Леля в ужасе закрыла лицо рукавами серого тюремного халата.

Выстрелят! Сейчас выстрелят!

— Конвой! — железным голосом проговорил в телефонную трубку следователь и прибавил, наверно, обращаясь опять к Олегу: — В «шанхай» и в карцер опять захотел?

Послышались тяжелые шаги конвоя, который был, по-видимому, наготове, поблизости.

— В карцер его! Хлеб и вода; синий свет; койку не откидывать вовсе! — отчеканил ледяной голос.

Леля открыла лицо, провожая глазами Олега; жесткий кулак ударил ей в висок, так, что она пошатнулась и вскрикнула. Олег стремительно повернулся было на этот полный испуга и ужаса вопль, но конвойные поспешно вытолкали его, схватив за локти и плечи.

— А ну-ка пойдем со мной! — зашипел следователь почти над ухом Лели. Обычно ее уводил обратно в камеру конвой, но в этот раз он не вызывал конвоя — они повели ее сами.

«Только бы не изнасиловали! только бы не «шанхай»!» — думала она и следовала за ними, исподлобья с детским страхом взглядывая на них и то и дело нагибаясь, чтобы подтянуть большие, грубые, белесные чулки — а они опять спускались, ведь чулочный пояс был отобран.

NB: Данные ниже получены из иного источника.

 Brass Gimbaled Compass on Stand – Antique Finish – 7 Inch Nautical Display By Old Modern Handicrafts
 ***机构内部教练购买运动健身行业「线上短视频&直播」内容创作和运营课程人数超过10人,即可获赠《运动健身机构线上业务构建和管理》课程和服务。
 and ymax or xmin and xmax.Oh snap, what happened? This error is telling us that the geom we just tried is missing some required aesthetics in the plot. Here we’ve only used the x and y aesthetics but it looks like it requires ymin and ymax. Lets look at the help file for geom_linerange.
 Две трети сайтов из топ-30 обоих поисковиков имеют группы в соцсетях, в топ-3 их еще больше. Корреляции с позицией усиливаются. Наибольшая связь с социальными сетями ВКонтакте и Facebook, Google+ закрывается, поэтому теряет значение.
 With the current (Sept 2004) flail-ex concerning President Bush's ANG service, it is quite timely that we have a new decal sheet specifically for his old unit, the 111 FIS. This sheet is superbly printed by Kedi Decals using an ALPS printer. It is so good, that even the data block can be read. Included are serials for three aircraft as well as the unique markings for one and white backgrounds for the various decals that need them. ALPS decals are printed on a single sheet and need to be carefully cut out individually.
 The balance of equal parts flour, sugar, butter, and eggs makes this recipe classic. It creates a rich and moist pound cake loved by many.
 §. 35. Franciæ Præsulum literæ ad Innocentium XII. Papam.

Камера внизу, в подвале: полутьма, стол, два стула, настольная лампа, коммутатор. Она еще не бывала здесь. Следователь, крикнул кому-то: «Пожалуйте!» И вошел человек — широкоплечий, с тупым, свирепым лицом; следователь сказал ему: «Вот всыпьте сколько потребуется», — взял газету и сел; человек схватил длинный хлыст и опустил его в воду… Леля с ужасом следила за ним глазами… Он размахнулся и изо всех сил хлестнул ее по худеньким плечикам и нежной груди! Кричать? Да ведь никто не придет на крик — он никого не удивит и не испугает!

Только когда Леля лежала уже на полу, следователь, наконец, сказал:

— Ну, как будто бы и довольно! — и махнул рукой страшному человеку, чтобы тот вышел, а сам зажег настольную лампу. — Вот обвинительный акт; здесь зафиксированы собственные твои признания в том, что ты покрывала классового врага. Даю четверть часа на ознакомление и чтобы все было подписано или я сгною тебя в лагере. К столу! Быстро!

Изнемогая от страха, боли и усталости, Леля послушно подписала. Шатаясь и держась за стены, она приплелась обратно в камеру и легла на свою койку, но окрик надзирательницы тотчас же вывел ее из небытия. Она не шевельнулась и только, зябко передернув плечами, поправила на себе пальто, которым закрывалась, как будто желая спрятаться. Женщина окликнула второй раз, после чего вбежала в камеру:

— Встанешь ли ты наконец?

Леля повела на нее глазами, под которыми лежали черные тени, и не шевельнулась.

— Ну, что ж ты, оглохла, что ли? — крикнула та.

— Не могу, не встану.

— Как не встанешь? Не финтить тут! За неповеновение — карцер! Послушайся лучше добром.

— Нет, все равно не встану… не могу! — и Леля опять уронила голову. Начинался озноб; зубы стучали, ухо ныло — от ударов или от простуды, она сама не знала. Надзирательница постояла над ней и вышла. Часа через два дверь открылась, и Леля увидела незнакомую женщину в белом халате. У нее было необыкновенно длинное лицо и тяжелая нижняя челюсть, во всем облике ее было что-то лошадиное. Леля не знала, что женщина эта, исполнявшая обязанности врача, уже давно получила между заключенными кличку «Лошадь».

— На что вы жалуетесь? — спросила Лошадь.

Леля села на койке.

— Избита. Грудь и плечи. Ухо тоже болит.

— Покажите. — Голос звучал официально: ни удивления, ни сострадания. Дело, по-видимому, было привычное, Леля обнажила лилово-синие подтеки.

— Свинцовые примочки и «solux», — сказала Лошадь, поворачиваясь к двери.

— У меня нет сил встать, — промолвила Леля.

— Больным разрешается лежать, — сказала, уходя, Лошадь.

«Solux» и свинцовые примочки остались пустым звуком; надзирательница, однако, не тревожила.

К вечеру боль в ухе и виске стала невыносима; не находя себе места, Леля то садилась, то ложилась и, наконец, стала стонать. Надзирательница — другая, ночная — заглянула в «глазок».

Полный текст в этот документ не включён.